Build libhdf5 with the --enable-threadsafe flag #776

ZanSara · 2019-10-28T16:46:56Z

Hello,

It seems to me that PyTables relies on the version of libhdf5.so found in the system rather than building its own, and that most systems have versions of libhdf5.so that are compiled without the --enable-threadsafe flag (please correct me if I'm wrong). This causes some annoying concurrency issues even while reading files (probably issues #700 and #593, Pandas issue #12236, and duplicates).

Rebuilding the HDF5 library with the proper flag and building PyTables over it seems to solve most of these issues, at least in the tests I've done so far.

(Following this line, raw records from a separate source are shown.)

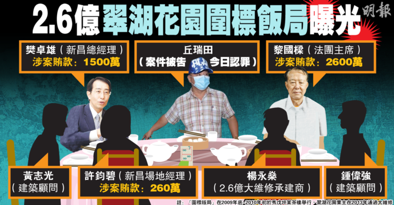 最轟動的是去年底沙田翠湖花園二億六千萬元維修工程,是歷來首宗參與圍標人士被定罪個案,涉案工程判頭承認四項串謀向代理人提供利益罪,正還柙等候下月判刑。廉署於今年三月再就案件展開大規模行動,拘捕十多人。
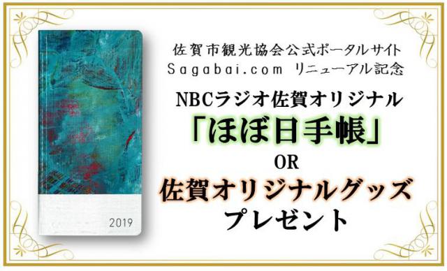 佐賀市観光協会では、佐賀市観光協会公式ポータルサイト「 Sagabai.com (さがばいどっとこむ)」のリニューアルを記念して、NBCラジオ佐賀オリジナル「ほぼ日手帳」を抽選で20名様に、「佐賀オリジナルグッズ」を同じく抽選で100名様にプレゼントいたします。
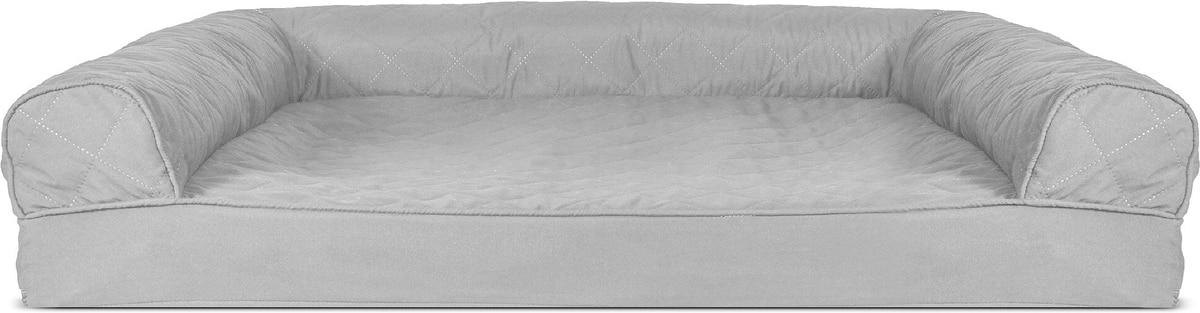FurHaven Quilted Cooling Gel Bolster Cat & Dog Bed with Removable Cover, Silver Gray, Large
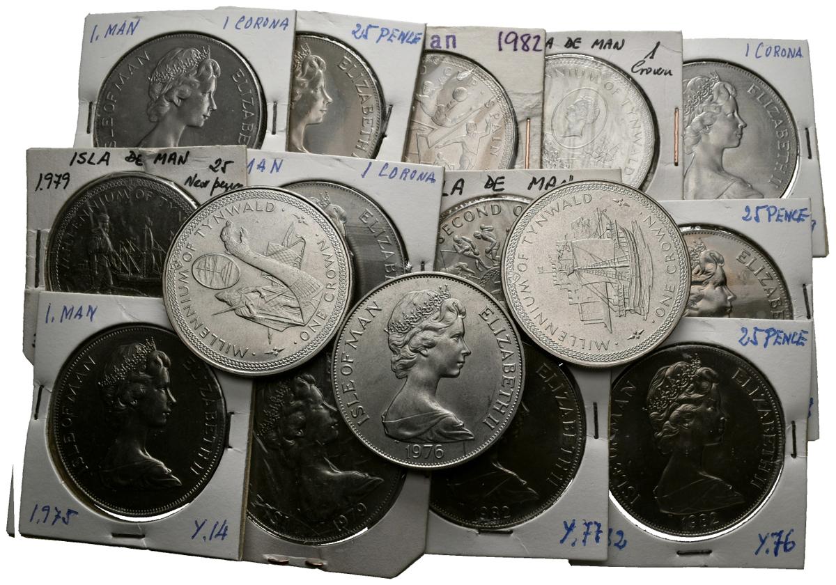 GRAN BRETAÑA. Lote de 16 monedas de la Isla de Man. Valores de 25 Pence y 1 Crown de entre los años 1975 y 1982. Diferentes estados de conservación. A EXAMINAR.
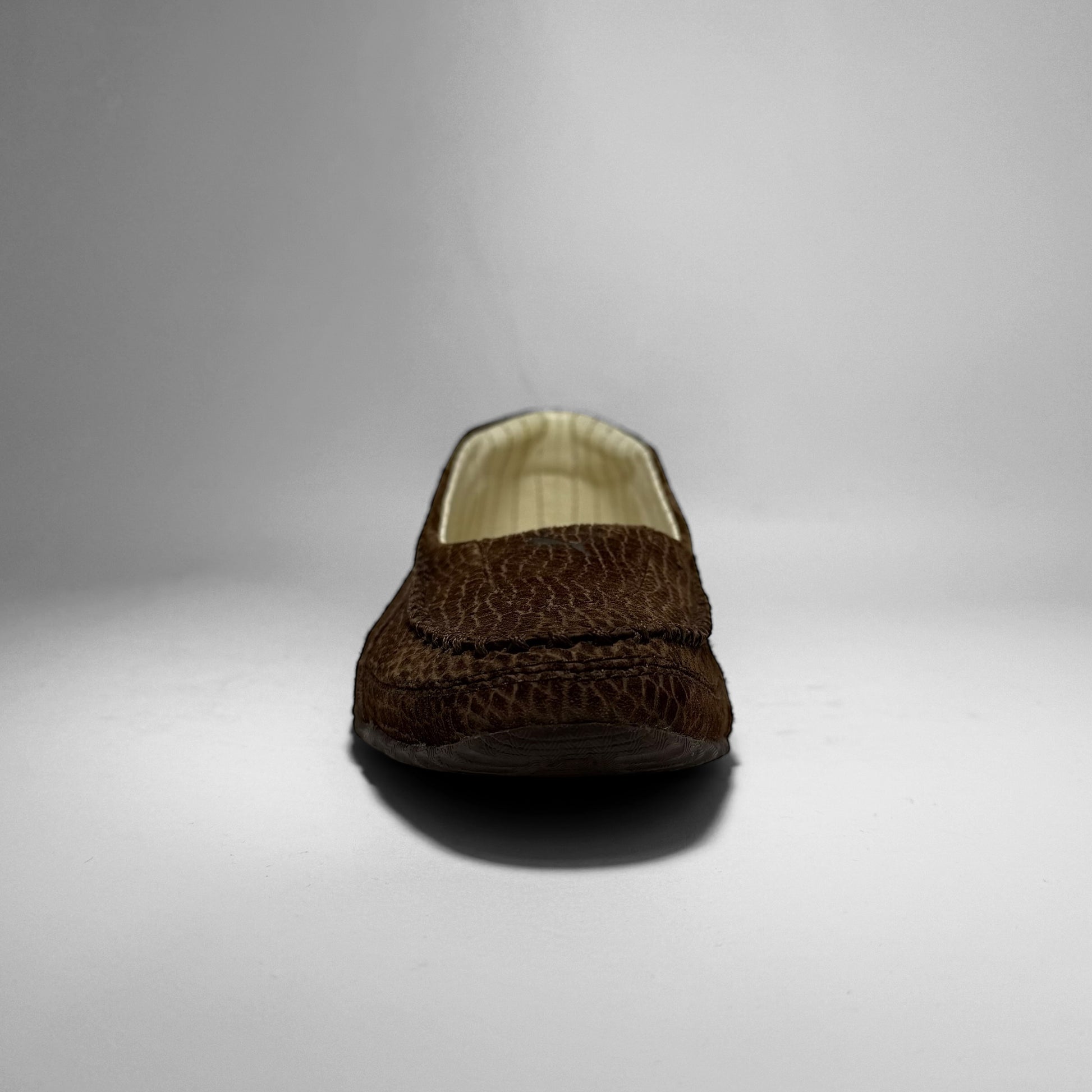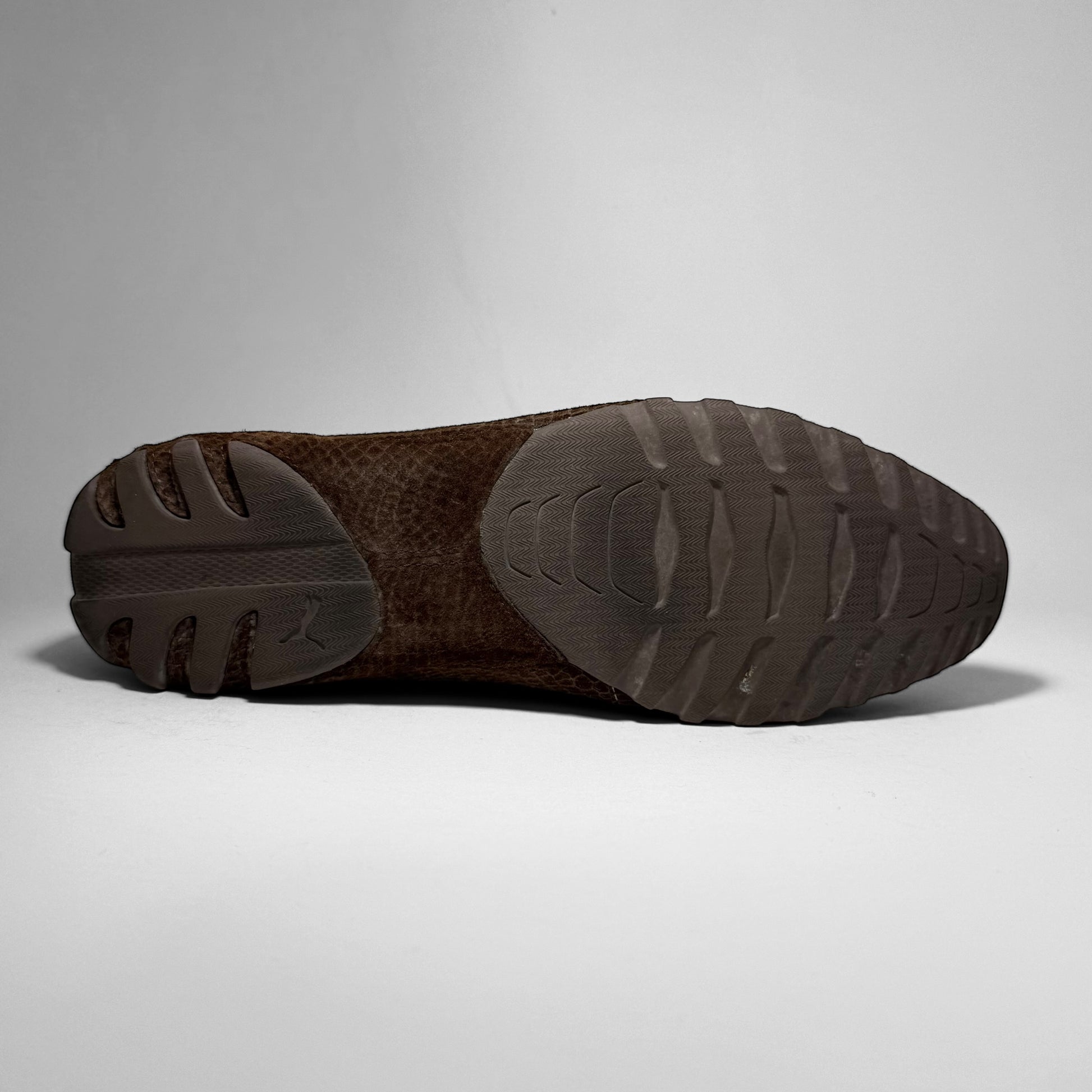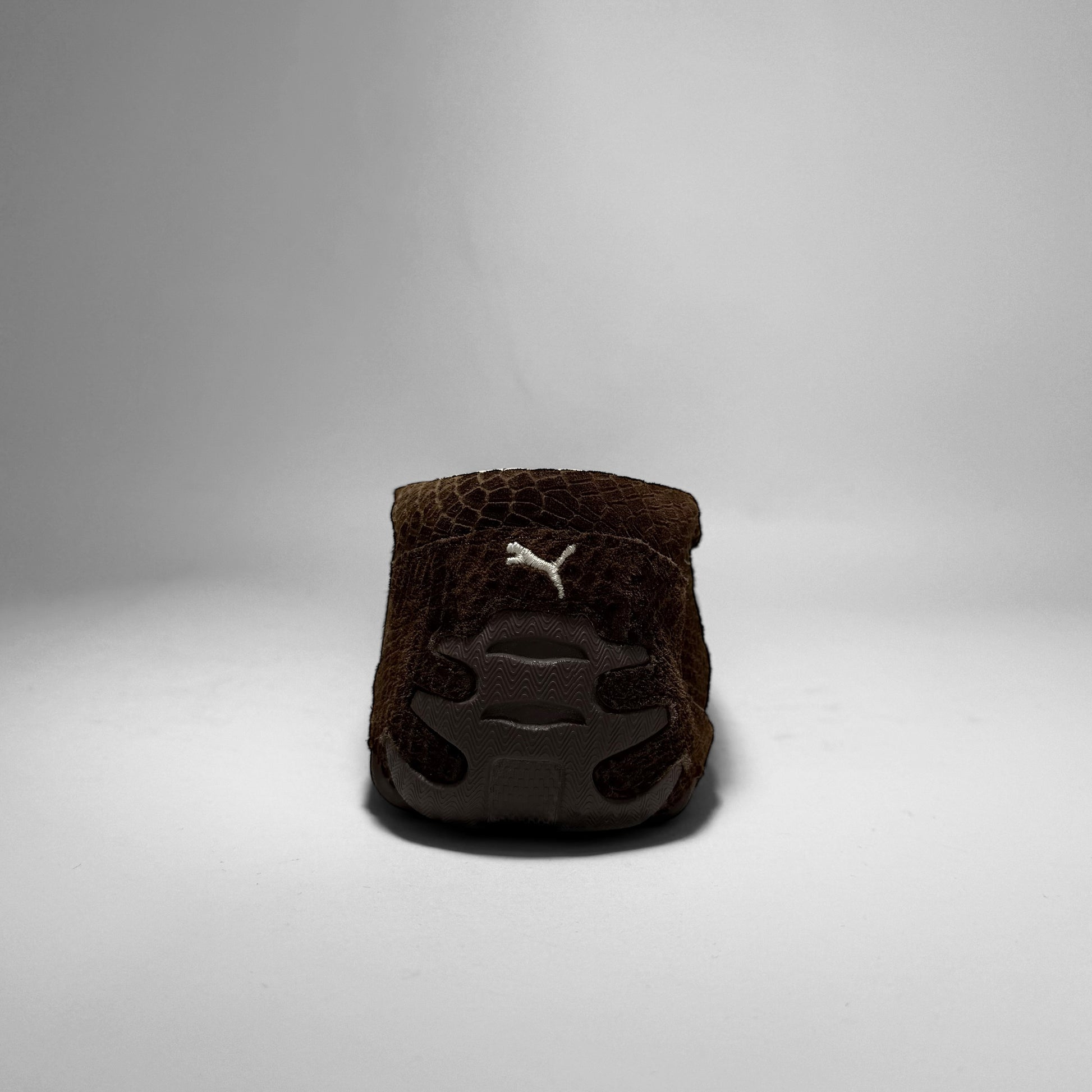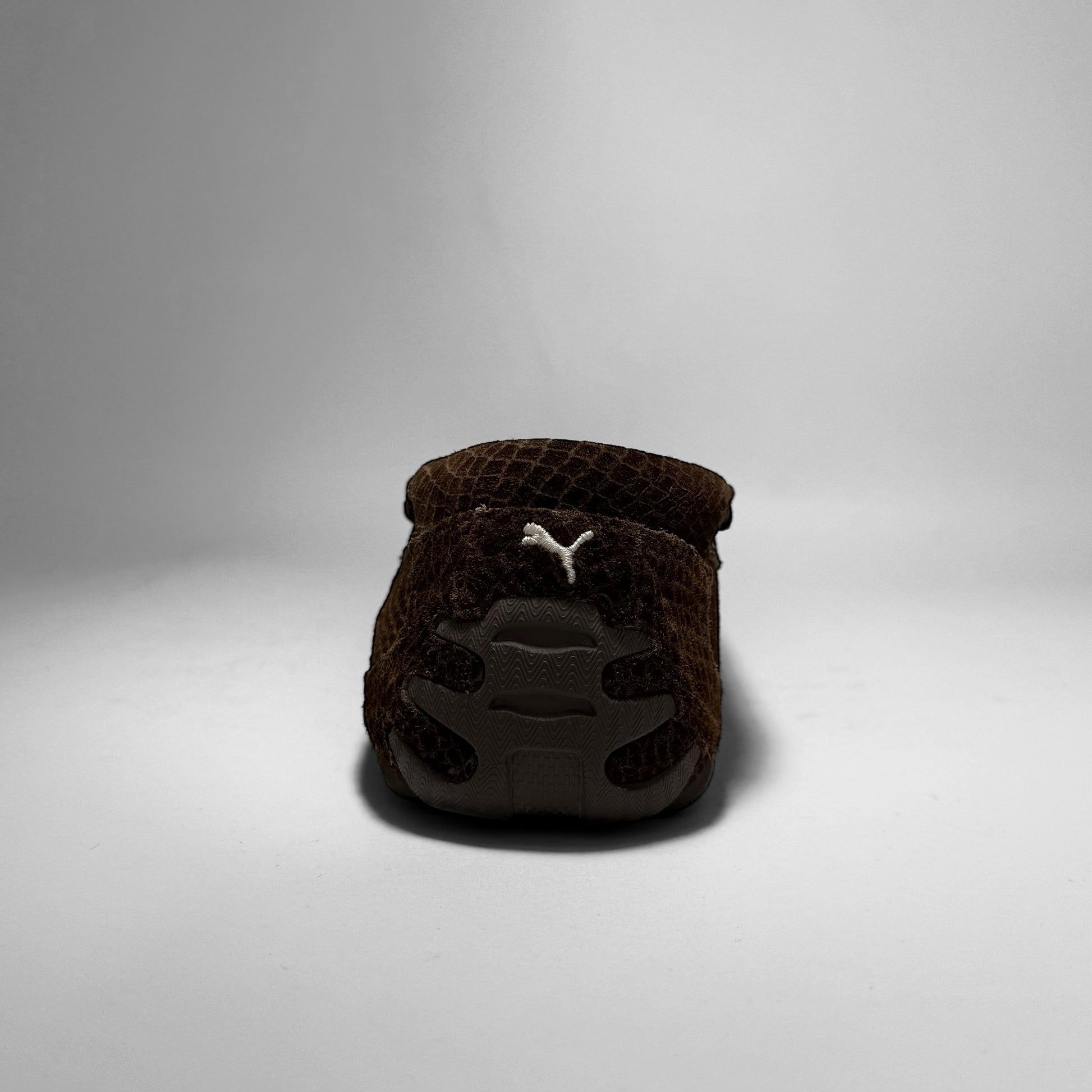 Crafted in brown croc textured suede with a low, driving-shoe silhouette. Features Ferrari branding on the side, a Puma logo on the heel, a cream quilt-lined interior, and a rubber split outsole with aggressive intakes throughout the heel.
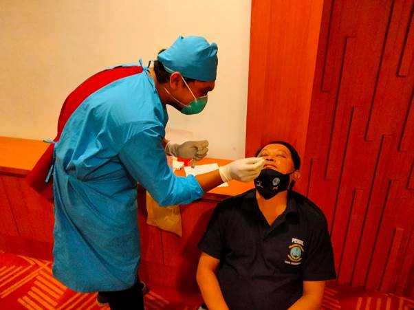 Setelah mendaftar dan menujukkan Kartu Tanda Penduduk (KTP), seorang petugas pun melakukan tugasnya agar kesehatan wartawan dijamin dengan Antigen tersebut.
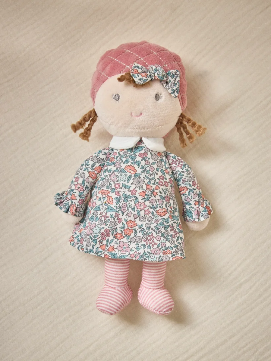 Adorable petite poupée de chiffon en tissu et velours. La robe et le noeud sont confectionnés en authentique tissu Liberty. Moelleuse, la poupée Louison est facile à attraper, à câliner. Yeux et bouche brodés Poupée 22 cm environ Dès la naissance. Jouet conforme aux exigences des normes européennes.
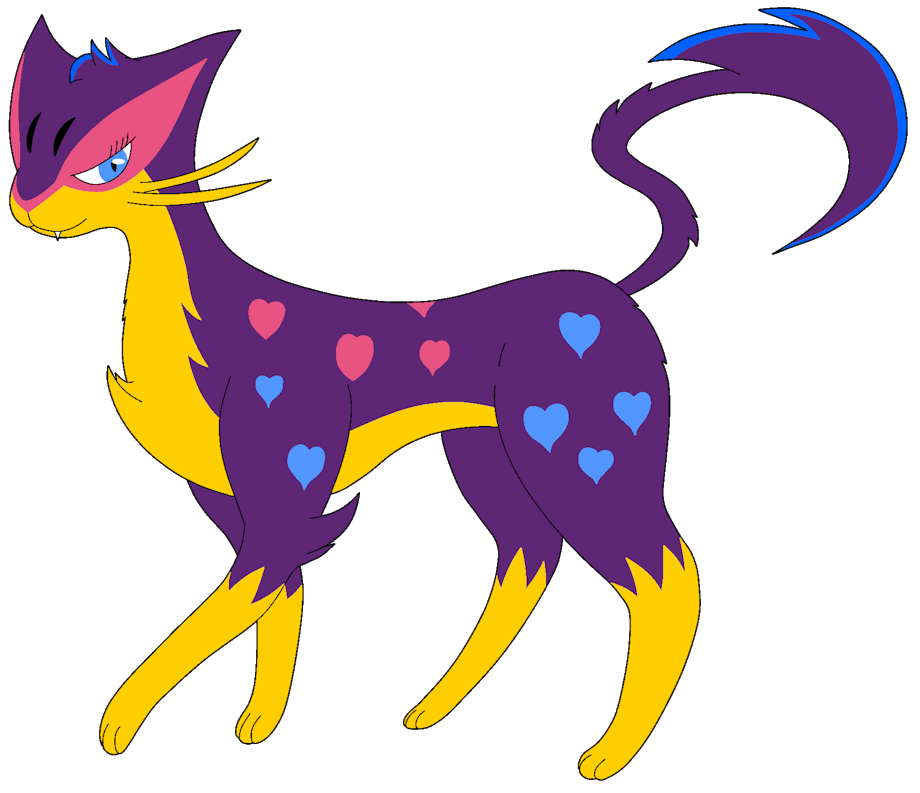 Information: It is the Mega Evolution of Sylvia, it is an Anthropomorphic Sylveon that will show pink fur that will start from the neck to the top where the legs begin. Mega Sylvia has Lasso (or Appendages) that are very long and a huge tail that is used to do the Slash Attack. In one of the bows (the bow that is located on the left ear) you can see the letters "M" and "S", these letters are the name "Mega" and "Sylvia". This character has pink diamonds that are electric, these diamonds are used to launch very harmful rays.
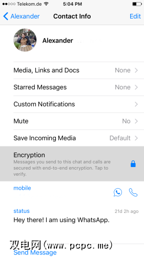 要确保功能已更新,请 o 笔聊天并轻按您的朋友或家人的名字。然后,您将被带到他们的联系信息页面,该页面显示您的邮件是否已加密,如下图的突出显示部分所示。
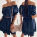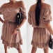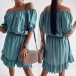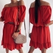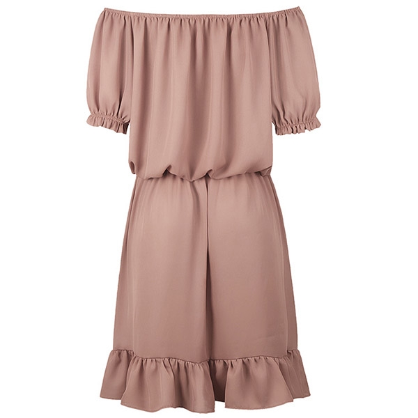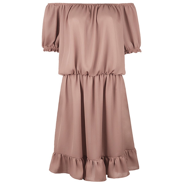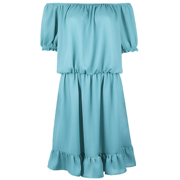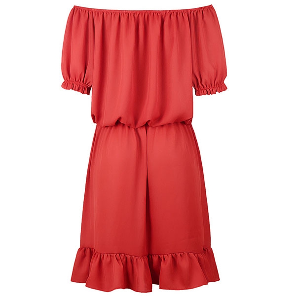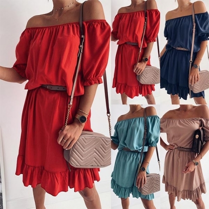 Solid color style,the off-shoulder boat neck and ruffle hem design will exude your charming feminine side.
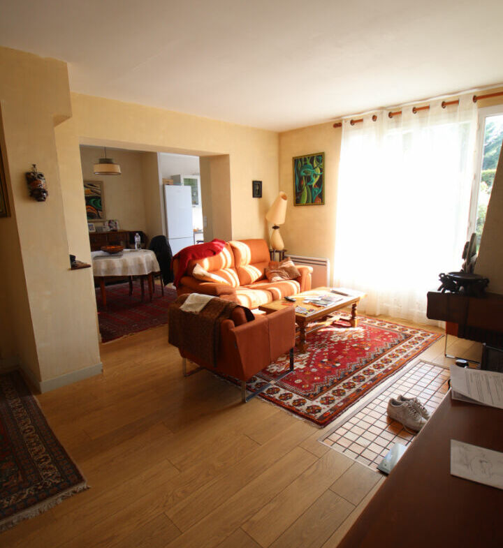 Maison de type Fontenay III, 6 pièces, 110 m² habitables, terrain 586 m², comprenant entrée, salon avec cheminée, cuisine équipée avec coin repas, trois chambres, salle d’eau, bureau, wc, buanderie et garage.

Do you think is possible to bundle a version of libhdf5.so compiled with that flag, or to build it when installing PyTables? Unfortunately I am not an expert in this matter. For now I am doing the whole process from a bash script, but it would be amazing to have it done somehow when installing PyTables.

The exact flags I use for the build are /configure --prefix=/usr/local/hdf5 --disable-hl --enable-threadsafe

The text was updated successfully, but these errors were encountered:

tomkooij · 2019-10-28T18:37:18Z

@ZanSara : Good point. I agree that --enable-thread-safe is a sound option.

I guess pip install tables on Linux/Mac will usually install pytables from a wheel, with vendored hdf5 library, compiled from source when building the wheels.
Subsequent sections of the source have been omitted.